The PBA cathode materials addressed in ZIB2 are characterised by their low energy losses and their ability to charge and discharge quickly. This makes them particularly relevant for an application in the stationary energy storage sector, because here it is necessary to react quickly to any load peaks in the power grid in order to be able to avoid widespread power outages. Another advantage of PBA cathode materials is their simple, scalable and cost-effective synthesis. In the course of rapid commercialisation, correspondingly large quantities of electrodes can be produced and thus cells can be produced correspondingly quickly. The major disadvantage of PBA systems so far has been their short service life of only 300 cycles (charging and discharging). However, the ZIB2 project partners have already been able to increase the lifetime of PBA-based ZIBs to 800 cycles by modifying the respective PBA structure. In the current project, the aim is to increase the performance of the ZIB technology and thus enable rapid use of the developed cells in real application scenarios.

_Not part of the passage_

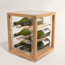 El módulo base mide 33 x 33 x h 39 cms y puede contener hasta 9 botellas.
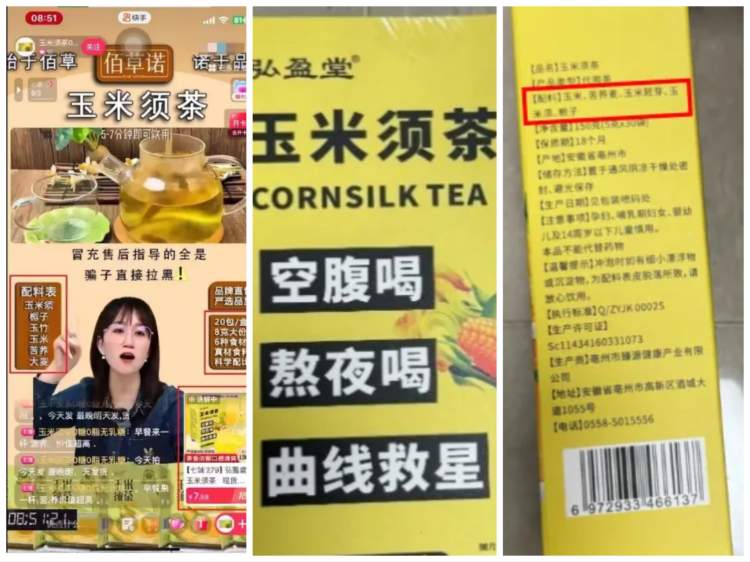 在“玉米须茶0糖0脂无乳糖”直播间购买的一款名为玉米须茶的调查中发现,直播间背景宣传“玉米须茶0糖0脂无乳糖”;主播口播宣传“6种食材科学配比,里面有玉米、玉米须、大麦、栀子、苦荞、玉竹,不含糖、不含色素、不含香精、不含防腐剂”。视频右下角讲解中画面配图为“玉米须茶150g”;主播左手配图为“配料表:玉米须、栀子、玉竹、玉米、苦荞、大麦”;右手配图为“20包/盒、8克大分量、6种食材、真材实料、科学配比”。实际收到包装为玉米须茶,净含量为150克(5克×30袋),配料表为:玉米、苦荞麦、玉米胚芽、玉米须、栀子,并非视频中体现的“20包/盒、8克大分量、6种食材”,存在主播宣称与产品信息不符。

The project is to be completed by 31st January 2026. Corresponding batteries for the stationary storage of renewable energies could come onto the market from 2030.
Rainer Hald, Chief Technology Officer (CTO) of VARTA AG: "If the energy transition is to succeed in all areas, there is no way around decentralised energy storage systems. VARTA is working intensively to ensure that, in addition to the existing, very good systems, new technologies can also be used in the future that offer advantages such as good availability, low costs and good reusability. Our research and development ensures that VARTA will continue to hold a leading role in battery technology in the future."